A beam of unpolarized light carries 2000W/m2 down onto an air–plastic interface. It is found that of the light reflected at the interface 300W/m2 is polarized with its $E$-field perpendicular to the plane of incidence and 200W/m2 parallel to the plane of incidence. Determine the net transmittance across the interface.
So let's call the initial intensity $I_0$. Being unpolarized, we know that the field can be writen as $E^2 = E_{0\parallel}^2 + E_{0\perp}^2$, and that $I_0 = kE^2$.

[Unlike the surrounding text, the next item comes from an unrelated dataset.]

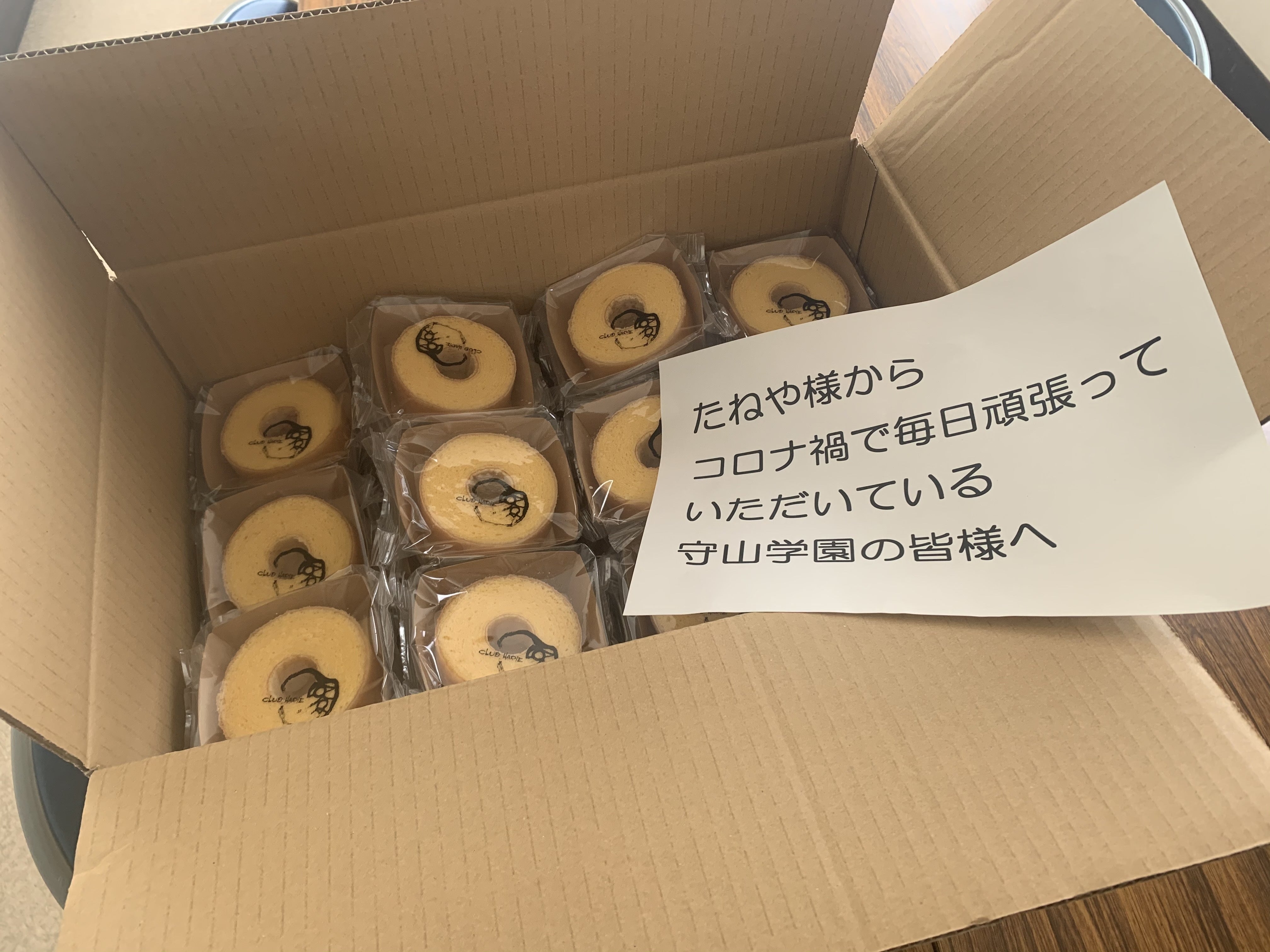 かわいいミニバームクーヘンを学園に届けてくださいました!!

Let's call $E_{0\parallel} = E\times x$ and $E_{0\perp} = E \times y$
So we want $T = 1 - R = 1 - \frac{R_{\perp} + R_{\parallel}}{2}$
And we know that $E_{\parallel} = \sqrt{R_{\parallel}} E_{0\parallel} = \sqrt{R_{\parallel}}xE$ ,and $E_{\perp} = \sqrt{R_{\perp}} E_{0\perp} = \sqrt{R_{\perp}}yE$
And also notice that $x^2+y^2=1$ and $I_{\parallel} = k E_{\parallel} ^2$ and $I_{\perp} = k E_{\perp} ^2$
Now, i am feeling that i am walking around a circle from more than one hour! That is, i am not being able to express the answer only in terms of the values given. So i guess i am missing something.
At first i had the suspicious that, being unpolarized, $x=y=1\sqrt{2}$, but this gives $T \approx 0.99$, obviously wrong. What am i missing here?